Saying Goodbye Hurts …

I got the news today that a friend who I haven’t seen in years committed suicide two days ago.  He was 50 years old – the same age as me, and even though we hadn’t spoken for some time, his death saddened me more than I thought it would have. 

“Tuffy” and I met through a mutual friend and then we started dating two girls who were friends, so we spent a few months in each others company whilst trying to impress the young ladies.  Even though both “romances” broke up within a matter of months, Tuffy and I still knocked around together for a couple of years after that, gradually drifting apart through work and the resultant moves to other towns etc.  His death has made me realise just how many people we lose in our lives.  Since the age of 15, I’ve lost friends through death and illness.  Now I’m not feeling sorry for myself because death is a part of life, but when you’re a young person - friends are forever and mateship is eternal. 

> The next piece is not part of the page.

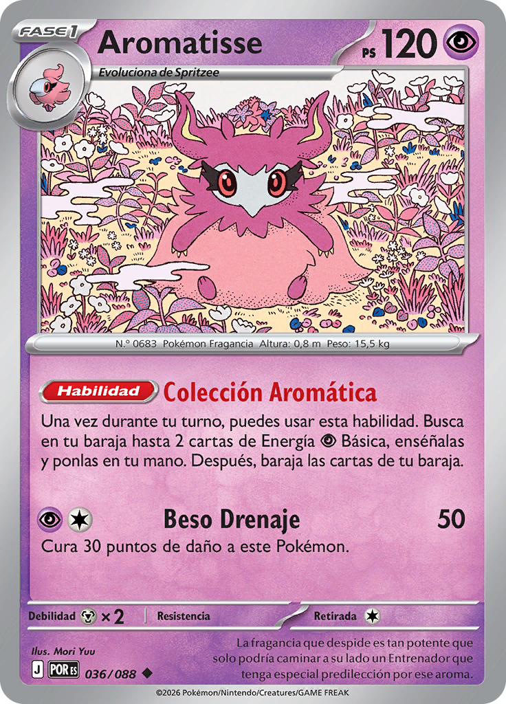 Una vez durante tu turno, puedes usar esta habilidad. Busca en tu baraja hasta 2 cartas de Energía [P] Básica, enséñalas y ponlas en tu mano. Después, baraja las cartas de tu baraja.

Peter & Ricky were brothers who were 15 & 16 respectively when they died in a car crash in 1977. Ricky was driving his fathers car without a license (his dad was at work and didn’t know this).  The local cops saw the boys in the car and knew that Ricky shouldn’t be driving so gave chase. Ricky panicked and a chase ensued.  Ricky drove into a telegraph pole at a high rate of knots.  He died instantly and his brother Peter – who was a great mate – died at the scene. To this day my mother thanks God that I was out of town when that happened, as she is certain I would have been with them.  Who knows – probably would have.  Another guy who was out of town at the time of that accident was my neighbour Con – who’d been our neighbour all my life & was also a great mate who spent alot of time with us all.  At Peter & Rickys funeral, Con who was the same age as us, told me that his mother had said the same thing to him.  Two years later, he rolled his car and died.  So that’s three kids I had known most of my life who had theirs snuffed out before they turned 19.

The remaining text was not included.